By Gram Slattery
WASHINGTON (Reuters) – Donald Trump has been in office for five days, and yet he has already imposed his will on Washington with ruthless speed and efficiency, showing that even his most radical campaign promises were far from mere storming.
The Republican president has taken the first steps toward fulfilling his vow to overhaul a federal bureaucracy that he believes was hostile to him during his 2017-2021 presidency, sacking hundreds of officials in simultaneous moves against a swath of agencies reassign or fire.
He has brought the military to the southern border, fired the head of the U.S. Coast Guard and challenged decades of constitutional law with a series of sweeping executive orders – 26 of them issued within hours of taking office – covering everything from environmental regulations to America’s citizenship rules .
In perhaps the boldest move of all, he galvanized approximately 1,500 supporters who took part in the January 6, 2021, attack on the U.S. Capitol, the global symbol of American democracy.
Trump’s allies have likened his shock-and-awk opening operation to a special forces operation that caught federal workers, unions, advocacy groups and even the media guard within its scope.
They owe the meticulous, years-long work of conservative allies who spent much of Trump’s time out of office to craft detailed policy plans that would allow him to reach the ground.
“This is the beadyhead team taking over the federal government,” Steve Bannon, who served as chief White House strategist during Trump’s first term and is close to many of Trump’s core policy advisers, told Reuters.
Trump’s opponents say he is distorting the US Constitution and expanding the limits of executive power beyond their intended limit. They also say Trump’s opening moves show he is less interested in unifying the country than radically changing it – and in many cases, inspiring revenge.
In one of his opening moves, Trump removed the security clearances of dozens of former intelligence officials who attributed unflattering media reports about former President Joe Biden’s son Hunter to a Russian influence operation.
Trump also stripped three former national security officials of their security details, even in the face of credible threats from Iran. His aides found time to remove the portrait of one of his harsh critics, Gen. Mark Milley, former chairman of the Joint Chiefs of Staff, from a Pentagon hallway.
He filled the White House National Security Council with career officials who were viewed by Trump’s team as insufficiently loyal to the president. The move allows him to import loyalists into over 100 national security roles.
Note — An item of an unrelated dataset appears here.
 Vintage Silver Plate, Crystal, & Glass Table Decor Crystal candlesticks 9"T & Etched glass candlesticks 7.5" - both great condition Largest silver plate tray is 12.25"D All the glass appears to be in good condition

“He’s clearly not a man who throws away his grudges easily,” said William Galston, a senior fellow at the Brookings Institution who has worked in government for more than 40 years.
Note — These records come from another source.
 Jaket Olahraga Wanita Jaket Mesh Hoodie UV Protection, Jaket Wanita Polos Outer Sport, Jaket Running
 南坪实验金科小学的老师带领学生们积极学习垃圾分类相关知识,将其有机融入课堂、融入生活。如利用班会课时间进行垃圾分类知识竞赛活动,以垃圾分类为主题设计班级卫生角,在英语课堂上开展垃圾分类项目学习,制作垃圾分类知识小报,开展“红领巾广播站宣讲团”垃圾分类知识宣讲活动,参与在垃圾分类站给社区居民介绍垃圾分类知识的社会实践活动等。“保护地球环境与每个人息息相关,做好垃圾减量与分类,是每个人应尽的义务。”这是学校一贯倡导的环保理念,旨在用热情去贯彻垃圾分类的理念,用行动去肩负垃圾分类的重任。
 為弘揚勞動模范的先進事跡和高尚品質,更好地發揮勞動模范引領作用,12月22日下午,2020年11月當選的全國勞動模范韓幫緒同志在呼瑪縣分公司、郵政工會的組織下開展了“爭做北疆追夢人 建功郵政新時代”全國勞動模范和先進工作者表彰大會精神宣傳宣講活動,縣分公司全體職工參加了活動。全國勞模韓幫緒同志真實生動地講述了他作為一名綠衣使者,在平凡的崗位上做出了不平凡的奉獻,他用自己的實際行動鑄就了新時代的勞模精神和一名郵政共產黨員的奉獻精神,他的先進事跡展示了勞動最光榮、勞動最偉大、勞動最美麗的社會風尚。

The White House did not respond to a request for comment for this story.
years in the making
Even Trump’s enemies say the last five days represent a stunning contrast to his first term, when infighting and poor preparation sank many of his most ambitious policy initiatives.
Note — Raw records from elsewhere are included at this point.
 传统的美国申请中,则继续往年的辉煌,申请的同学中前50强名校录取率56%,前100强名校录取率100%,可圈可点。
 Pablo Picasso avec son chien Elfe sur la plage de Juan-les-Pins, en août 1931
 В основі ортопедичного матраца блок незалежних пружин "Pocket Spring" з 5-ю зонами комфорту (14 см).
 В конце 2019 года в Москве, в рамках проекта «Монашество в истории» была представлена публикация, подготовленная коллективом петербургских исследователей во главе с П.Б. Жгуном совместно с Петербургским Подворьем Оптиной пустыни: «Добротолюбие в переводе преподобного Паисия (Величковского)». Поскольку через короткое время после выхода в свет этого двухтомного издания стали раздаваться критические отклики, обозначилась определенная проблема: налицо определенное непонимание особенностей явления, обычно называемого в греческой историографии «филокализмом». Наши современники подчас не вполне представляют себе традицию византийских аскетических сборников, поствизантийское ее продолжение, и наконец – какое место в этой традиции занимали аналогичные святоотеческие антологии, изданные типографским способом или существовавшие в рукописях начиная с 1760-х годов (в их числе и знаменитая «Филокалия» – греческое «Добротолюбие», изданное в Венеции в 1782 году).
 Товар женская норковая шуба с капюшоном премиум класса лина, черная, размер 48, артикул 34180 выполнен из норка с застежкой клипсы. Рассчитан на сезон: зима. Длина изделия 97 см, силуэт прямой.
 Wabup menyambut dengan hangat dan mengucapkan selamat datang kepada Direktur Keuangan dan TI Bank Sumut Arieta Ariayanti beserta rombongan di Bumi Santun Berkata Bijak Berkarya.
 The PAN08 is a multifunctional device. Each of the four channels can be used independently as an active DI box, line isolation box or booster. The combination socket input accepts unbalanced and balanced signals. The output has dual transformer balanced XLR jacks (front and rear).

“In terms of the scope of all of this and the speed, his team showed the results of extraordinary preparation,” said Timothy Naftali, a presidential historian and former director of the Nixon Presidential Library.
Many of Trump’s policies earned credit from those advocated by “Project 2025,” a consortium of conservative organizations that spent more than two years drafting guidelines for Trump’s eventual return.
Trump distanced himself from the project last year, saying he knew nothing about it, even though many former aides were deeply involved. But his influence on his new White House operation is all too clear.
Project 2025 advocated for the purge of career officials on the National Security Council.
Another policy put forward by the project, which Trump has already adopted, is to make it easier to fire potentially hundreds of thousands of officers through a new category of federal employees known as “Schedule F.”
Trump has also undertaken an overhaul of the Federal Emergency Management Agency that would transfer many of FEMA’s functions to the states, another 2025 project.
“There were hardcore political and political people who believed in Trump … and immediately began calling for Trump’s return to the White House in 2021,” Bannon said. “And that’s what you see coming to fruition.”
Height of power?
Trump’s agenda faces roadblocks in the future. The opening weeks of his administration may represent the height of Trump’s power, some supporters acknowledge.
Many of Trump’s executive orders test the limits of constitutional law. An order to terminate citizenship – a constitutional doctrine that automatically makes one a citizen in the United States – has already been mandated by a federal court.
Several other promises and orders were immediately subjected to lawsuits from states and advocacy groups, and the shock and awe of his first week could be scattered into legal battles that will last much of his term.
Trump may face a challenge maintaining Republicans’ narrow congressional majority in the House of Representatives in two years. The incumbent president’s party often loses seats in the meantime. In this case, this would result in the already narrow legislative path being closed for Trump altogether.
“Trump has a critical mandate from American voters to bring dramatic reforms to Washington,” said Mike Davis, a close adviser to Trump on judicial matters.
“This political mandate will fade if he doesn’t deliver – and deliver quickly.”